Unlikely Allies is the story of three remarkable historical figures. Silas Deane was a Connecticut merchant and delegate to the Continental Congress as the American colonies struggled to break with England. Caron de Beaumarchais was a successful playwright who wrote The Barber of Seville and The Marriage of Figaro. And the flamboyant and mysterious Chevalier d'Eon-officer, diplomat, and sometime spy-was the talk of London and Paris. Is the Chevalier a man or a woman?

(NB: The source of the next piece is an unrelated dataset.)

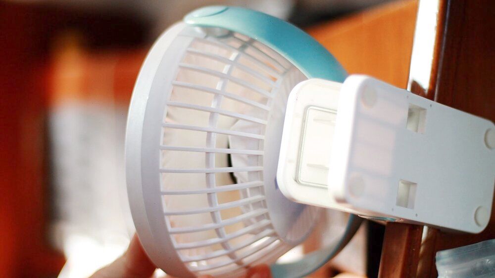 We prefer these over the fixed ones that have to be screwed on some wall in the boat and need a 12V power supply. They are also half price of marine store models. Make sure to get one with a good clip. You may consider this one.
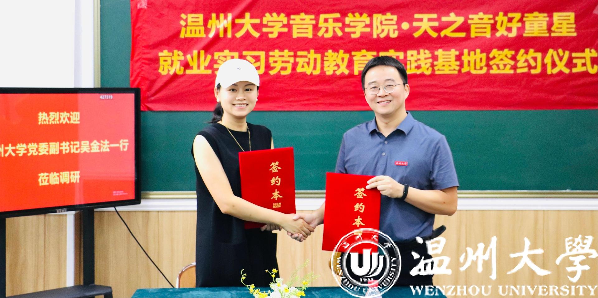 溫州大學音樂學院黨委書記朱啟鑫與天之音好童星藝校校長陳紅紅簽約協議

When Deane is sent to France to convince the French government to support the revolutionary cause, he enlists the help of Beaumarchais. Together, they successfully smuggle weapons, ammunition, and supplies to New England just in time for the crucial Battle of Saratoga, which turned the tide of the American Revolution. And the catalyst for Louis XVI's support of the Americans against England was the Chevalier d'Eon, whose decision to declare herself a woman helped to lead to the Franco-American alliance. These three people spin a fascinating web of political intrigue and international politics that stretches across oceans as they ricochet from Versailles to Georgian London to the Pennsylvania State House (now Independence Hall) in Philadelphia. Each man has his own reasons for wanting to see America triumph over the British, and each contends daily with the certainty that no one is what they seem. The line between friends and enemies is blurred, spies lurk in every corner, and the only way to survive is to trust no one.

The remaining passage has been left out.